You may want to check the package SASmixed which provides lme analyses
for several of the examples in the book "SAS System for Mixed Models"
by Littel, Milliken, Stroup and Wolfinger. Studying those examples
done in both PROC MIXED and lme can ease the transition.
> In this connection, I have some (presumably stupid) questions
> which I am sure someone out there can answer:
>
> 1) With proc mixed it is easy to get a hold on the estimated
> variance parameters as they can be put out into a SAS data set.
> How do I do the same with lme-objects? For example, I can see the
> estimated variance matrix when typing the name of the lme-object,
> but that does not give me a "handle" on the matrix.
The VarCorr function returns a table of variance estimates, the
corresponding standard deviations, and the estimated correlations.

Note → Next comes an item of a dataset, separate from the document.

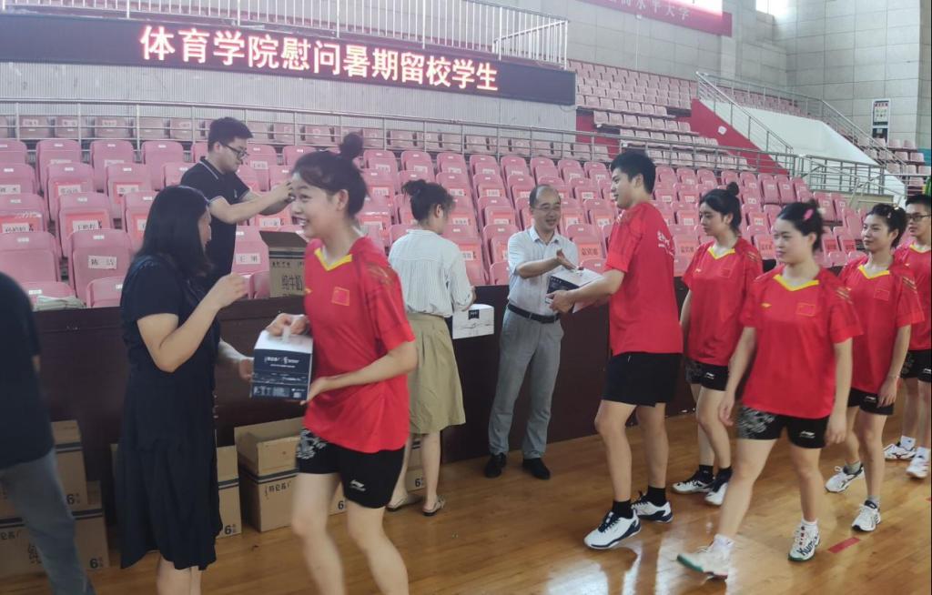 学院领导一行看望了在体育馆备战省运会的手球、乒乓球、健美操等集训师生,并为学生运动员发放牛奶等慰问品。王玮代表学院,向暑期克服困难、辛勤付出的教练员老师表示感谢,向刻苦训练、勇攀高峰的运动员同学表示赞赏。他指出,四年一度的省运动会是层次最高、规模最大、竞争最激烈的省级体育赛事,希望大家将省运会作为专业水平的展示舞台、交流学习的重要契机、大学生涯的宝贵经历,要珍惜机会、不懈努力,充分利用好暑期集训,全身心投入,不断提升竞技能力和水平,力争取得优异成绩,为个人赢得荣誉、为学校和学院展现风采。

The value of VarCorr is a character matrix, not a numeric matrix. If
you want the numeric matrix you need to do a bit of digging. The
fitted model contains a "modelStruct" component which, in turn,
contains an "reStruct" component. Each element of the reStruct can be
converted to a scaled variance-covariance matrix by as.matrix. To
remove the scaling you need to multiply by sigma^2. This is shown below.
> library(nlme)
Loading required package: nls
> data(Oxboys)
> fm1 <- lme(height ~ age, data = Oxboys)
> VarCorr(fm1)
Subject = pdSymm(age)
Variance StdDev Corr
(Intercept) 65.3038110 8.081077 (Intr)
age 2.8248080 1.680717 0.641
Residual 0.4354534 0.659889
> str(VarCorr(fm1))
chr [1:3, 1:3] "65.3038110" " 2.8248080" "
0.4354534" "8.081077" ...
- attr(*, "dimnames")=List of 2
..$ : chr [1:3] "(Intercept)" "age" "Residual"
..$ : chr [1:3] "Variance" "StdDev" "Corr"

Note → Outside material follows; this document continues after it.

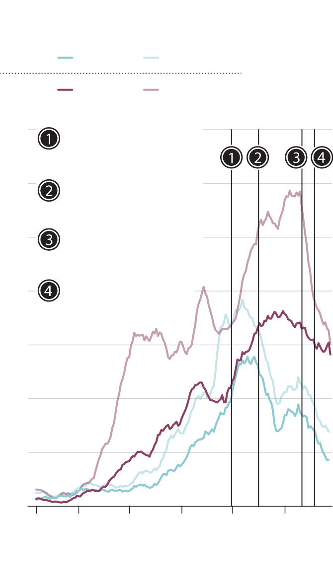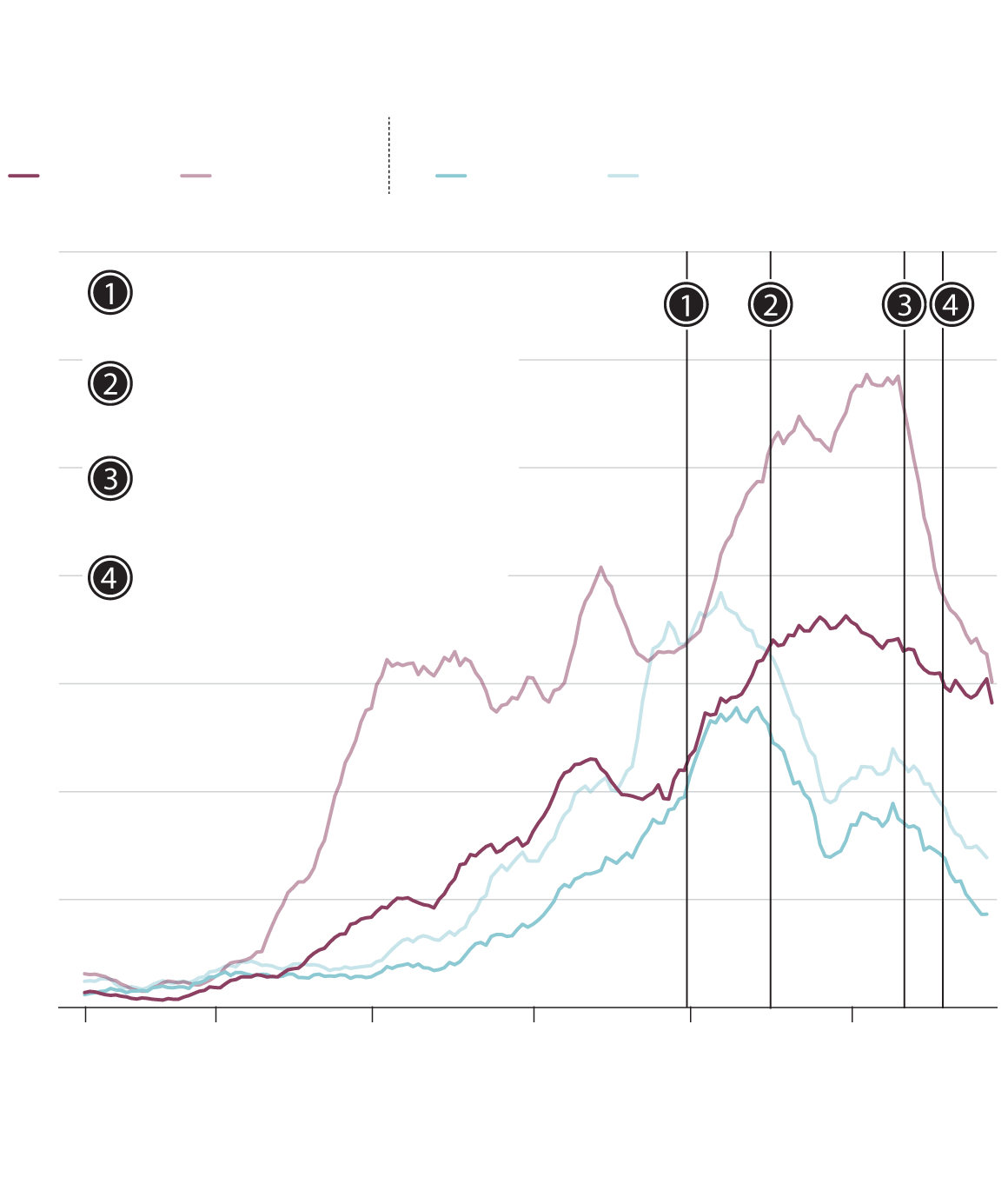 In Quebec, everyone between the ages of 10 and 60 saw a large spike in cases during the 25-to-32-day Christmas school break while cases among younger children stayed relatively stable, before the drop began. Albertans had a much smaller, temporary rise in holiday cases overall before a downward trend resumed.

- attr(*, "title")= chr "Subject = pdSymm(age)"
- attr(*, "class")= chr "VarCorr.lme"
> lapply(lapply(fm1$modelStruct$reStruct, as.matrix), function(x) x *
fm1$sigma^2)
$Subject
(Intercept) age
(Intercept) 65.303811 8.709806
age 8.709806 2.824808
> 2) I am trying to fit a mixed model, say
>
> y_{ij} = X_{ij}\beta + U_i + e_{ij}
>
> where Y_{ij}, U_i and e_{ij} all are D-dimensional, and U_i ~
> N_D(0,G), and e_{ij} ~ N(0,R). This is easy to do in proc mixed by
> including a factor keeping track of how the elements of y_{ij} are
> "stacked" on top of each other. This factor is then used in the
> model, the random and the repeated statements. In the book by
> Pinheiro and Bates (p.28 ff) there is a similar example. Yet, I
> don't quite get the "generality" of the example. Can anyone
help
> with that?
I don't happen to have our book handy (I'm writing this from Belgium
where I am attending a conference) so I can't reply regarding the
example on p. 28. In general the random statement in PROC MIXED is
easy to translate into nlme. The repeated statement isn't.
The basic approach in lme is to define one or more factors that
represent the grouping of the observations. In the example above the
data contain the information that the grouping is by the "Subject"
factor
> formula(Oxboys)
height ~ age | Subject
A full specification of the model in fm1 is
> fm2 <- lme(fixed = height ~ age, data = Oxboys, random = ~ age |
Subject)
> VarCorr(fm2)
Subject = pdLogChol(age)
Variance StdDev Corr
(Intercept) 65.3038159 8.081078 (Intr)
age 2.8248081 1.680717 0.641
Residual 0.4354534 0.659889
so the index i (or perhaps ij?) in your notation corresponds to the
levels of Subject. We tend to express the model in the Laird-Ware
notation of a vector of responses y_i for the i'th subject along with
model matrices X_i and Z_i and a random within-subject noise vector
eps_i. This gives y_i = X_i \beta + Z_i b_i + eps_i I'm not sure how
that correponds to your U_i in that I don't see a model matrix
associated with U_i.
It happens that I am giving a presentation on "Mixed-effects Models in
Practice" here in Belgium. I put the slides in PDF format on
http://nlme.stat.wisc.edu/BSS2001.pdf (A4 sized) and as "4-up" copies
(USletter sized) on http://nlme.stat.wisc.edu/BSS2001_4up.pdf. Those
slides contain examples of the model matrices associated with this
example.
> 3) With proc mixed it is easy to specify that some covariance
> parameters are known (fixed) in advance. How can I do the same
> with lme? (To be specific, I would like to specify that the
> elements of R in the example above are known).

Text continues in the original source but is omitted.